§ WHAT TO WORK ON: All lines in the records below from the line with "2、如下图,需要对大圆柱上的" through the line with "平日なので空いていました。 雪が固くガンガン滑れた。" are to be given again exactly, both ends included; the pictures are to be left out.
[MATERIAL PROVIDED]
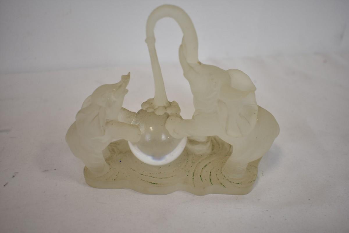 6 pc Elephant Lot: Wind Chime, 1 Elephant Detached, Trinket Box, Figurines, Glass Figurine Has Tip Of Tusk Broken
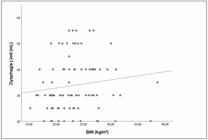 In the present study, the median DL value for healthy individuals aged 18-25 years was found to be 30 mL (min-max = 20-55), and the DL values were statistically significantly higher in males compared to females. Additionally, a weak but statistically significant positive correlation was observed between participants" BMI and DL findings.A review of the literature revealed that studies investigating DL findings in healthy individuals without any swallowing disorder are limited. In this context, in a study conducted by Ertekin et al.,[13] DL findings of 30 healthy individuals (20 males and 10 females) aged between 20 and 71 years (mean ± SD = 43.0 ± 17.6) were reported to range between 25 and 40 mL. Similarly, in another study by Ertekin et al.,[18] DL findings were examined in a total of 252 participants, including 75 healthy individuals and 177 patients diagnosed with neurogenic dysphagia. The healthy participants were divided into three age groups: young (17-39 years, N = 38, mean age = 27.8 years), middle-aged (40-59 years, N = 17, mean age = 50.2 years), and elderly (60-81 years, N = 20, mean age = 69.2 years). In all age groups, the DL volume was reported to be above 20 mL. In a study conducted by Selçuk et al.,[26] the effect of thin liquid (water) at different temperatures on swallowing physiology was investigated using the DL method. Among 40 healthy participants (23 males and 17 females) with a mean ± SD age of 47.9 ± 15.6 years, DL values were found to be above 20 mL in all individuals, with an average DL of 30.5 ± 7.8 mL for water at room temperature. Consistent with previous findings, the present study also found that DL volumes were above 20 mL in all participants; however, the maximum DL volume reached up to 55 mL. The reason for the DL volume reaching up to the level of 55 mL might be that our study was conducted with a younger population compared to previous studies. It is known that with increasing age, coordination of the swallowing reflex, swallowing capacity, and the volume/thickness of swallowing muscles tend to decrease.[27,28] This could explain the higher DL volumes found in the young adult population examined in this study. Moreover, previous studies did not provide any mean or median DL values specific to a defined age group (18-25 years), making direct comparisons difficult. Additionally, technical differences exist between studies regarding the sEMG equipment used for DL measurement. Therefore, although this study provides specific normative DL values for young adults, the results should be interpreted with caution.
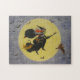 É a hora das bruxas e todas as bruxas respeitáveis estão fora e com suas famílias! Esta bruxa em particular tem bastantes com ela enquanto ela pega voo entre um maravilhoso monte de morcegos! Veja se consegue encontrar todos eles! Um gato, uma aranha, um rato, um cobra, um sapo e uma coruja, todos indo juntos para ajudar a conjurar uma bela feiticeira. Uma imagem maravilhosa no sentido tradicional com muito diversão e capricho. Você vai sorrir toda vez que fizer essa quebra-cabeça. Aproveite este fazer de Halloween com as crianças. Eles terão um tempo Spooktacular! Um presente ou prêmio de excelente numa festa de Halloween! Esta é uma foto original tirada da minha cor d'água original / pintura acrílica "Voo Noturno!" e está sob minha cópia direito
[/MATERIAL PROVIDED]
[MATERIAL PROVIDED]
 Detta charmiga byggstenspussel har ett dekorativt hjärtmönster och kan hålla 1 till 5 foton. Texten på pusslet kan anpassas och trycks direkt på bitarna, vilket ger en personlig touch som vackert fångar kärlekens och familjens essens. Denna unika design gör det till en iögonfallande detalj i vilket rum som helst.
[/MATERIAL PROVIDED]
[MATERIAL PROVIDED]
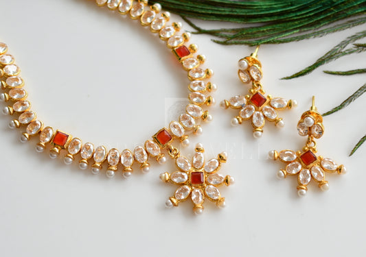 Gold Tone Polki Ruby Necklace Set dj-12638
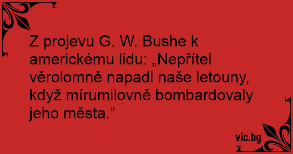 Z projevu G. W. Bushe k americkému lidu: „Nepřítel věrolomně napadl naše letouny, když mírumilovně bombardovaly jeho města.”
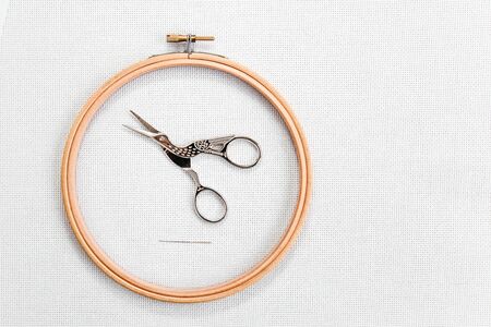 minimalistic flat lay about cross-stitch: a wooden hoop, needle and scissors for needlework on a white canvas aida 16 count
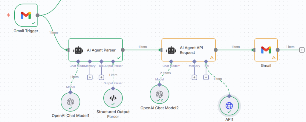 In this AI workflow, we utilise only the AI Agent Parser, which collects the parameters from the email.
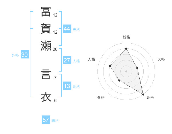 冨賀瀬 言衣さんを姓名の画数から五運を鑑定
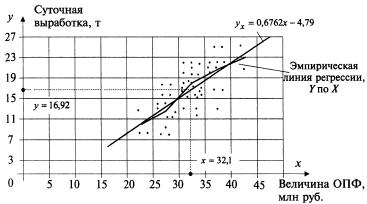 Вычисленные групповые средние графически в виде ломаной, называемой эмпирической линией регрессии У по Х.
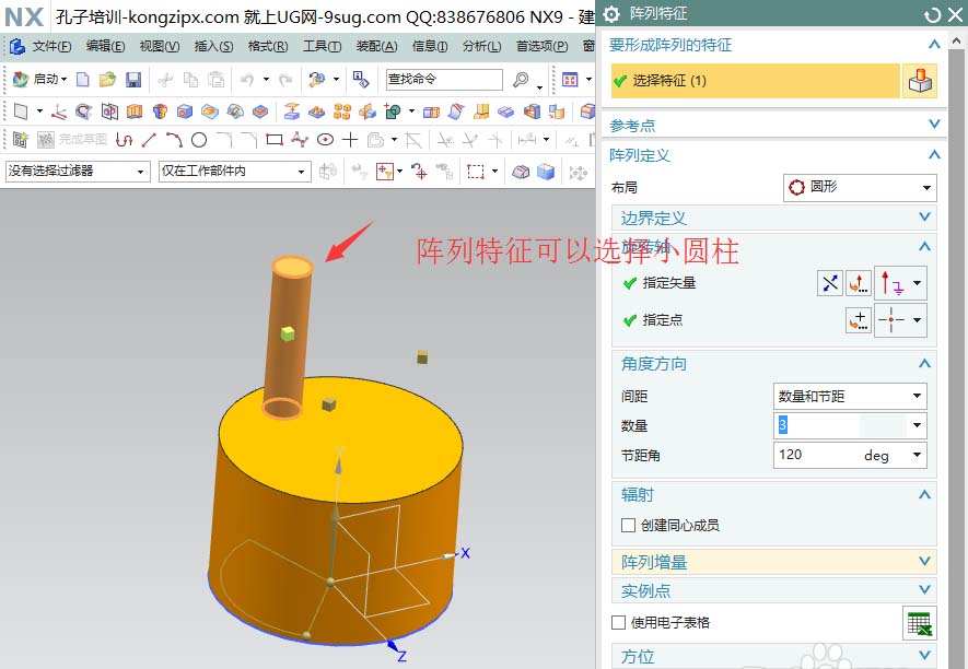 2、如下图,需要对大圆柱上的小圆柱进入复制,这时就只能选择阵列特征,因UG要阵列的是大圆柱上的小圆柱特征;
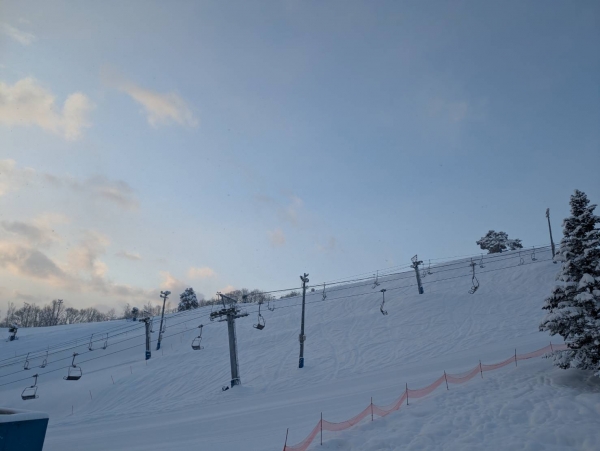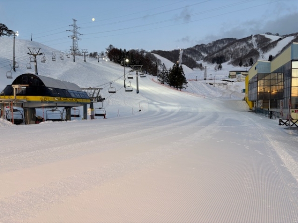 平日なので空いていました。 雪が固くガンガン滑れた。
[/MATERIAL PROVIDED]
§ PROBLEM SOLUTION:
 2、如下图,需要对大圆柱上的小圆柱进入复制,这时就只能选择阵列特征,因UG要阵列的是大圆柱上的小圆柱特征;
 平日なので空いていました。 雪が固くガンガン滑れた。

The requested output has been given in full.